Multiplier view sizes each cube as 10% of that mineral's 2024 production. This makes growth rates comparable across minerals — lithium's 9× pile towers over copper's 1.5× pile, capturing the "lithium sprint" narrative.

Absolute tonnage view uses a shared cube mass of 500,000 tonnes across all minerals. This shows the physical mining and refining build-out — copper towers, lithium nearly disappears. Both views are true; they tell different stories.

2024 Production Baselines

Absolute tonnage figures use 2024 mine production from the USGS Mineral Commodity Summaries 2025, rounded for legibility.

Mineral2024STEPS 2040NZE 2040S&P/BNEF 2040
Lithium 240 kt 1.2 Mt (5×) 2.16 Mt (9×) 2.16 Mt (9×)
Cobalt 240 kt 385 kt (1.6×) 480 kt (2×) 480 kt (2×)
Nickel 3.7 Mt 7.4 Mt (2×) 7.4 Mt (2×) 7.4 Mt (2×)
Graphite 1.8 Mt 3.6 Mt (2×) 7.2 Mt (4×) 7.2 Mt (4×)
Rare earths 350 kt 560 kt (1.6×) 700 kt (2×) 700 kt (2×)
Copper 23 Mt 30 Mt (1.3×) 34 Mt (1.5×) 42 Mt (1.83×)

Scenario Definitions

STEPS (Stated Policies, IEA) reflects only policies governments have actually implemented or legislated. It's "current trajectory."

NZE (Net Zero Emissions by 2050, IEA) is a normative scenario — it models the mineral deployment that would be required to hit the 1.5°C climate goal.
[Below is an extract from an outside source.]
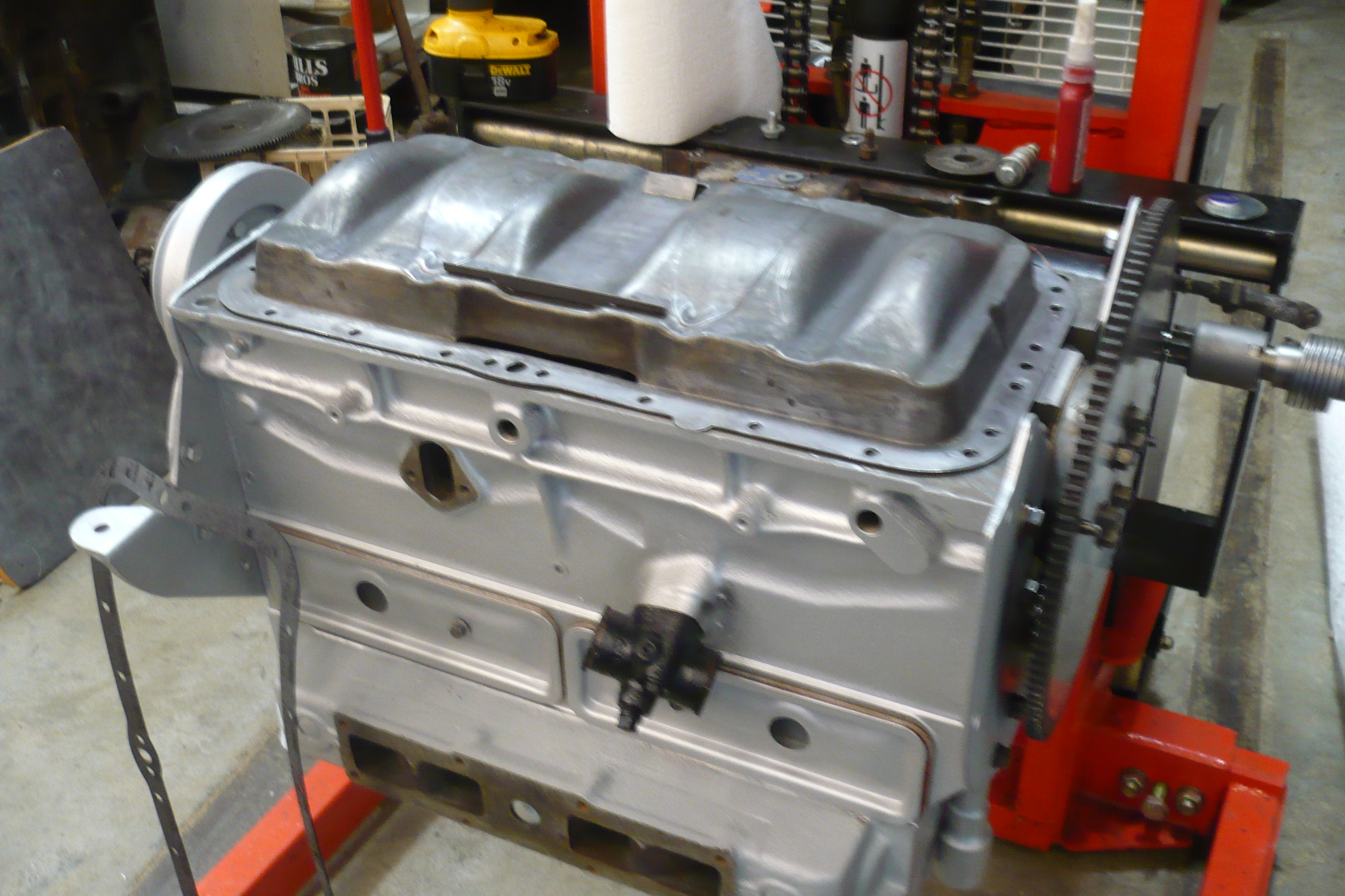 • For what it's worth, I wouldn't risk the mess trying to install the pan/tray assembly with oil in it.....I know what would happen. Install it dry, then pour a couple of quarts of oil into the tappet chambers, one front, one rear. It will drain into the tray through the chamber-floor drains and fill the tray. It will also run onto the cam and down the crankcase wall into the main/cam brg. feed troughs. I have "installed" all of the required oil volume by this method but it overfills the tray by about 2 quarts (in a six). I'm sure it would reach equilibrium with the reservoir level in short order after initial start-up but I've changed my approach to just 2 quarts.

S&P / BNEF mirrors NZE on most minerals but uses S&P Global's January 2026 copper outlook of 42 Mt/yr by 2040, which adds four cumulative demand vectors: core economic growth, energy transition, AI/data centers, and defense.

Caveats

These are scenario projections, not forecasts. Actual 2040 demand will depend on battery chemistry shifts (LFP vs. NMC), recycling scale-up, EV adoption rates, AI infrastructure intensity, and policy settings. The S&P/BNEF scenario as constructed here is a hybrid: it uses S&P's copper number combined with NZE assumptions for other minerals, because no single forecaster publishes a fully harmonized "AI-aware" scenario across all six minerals.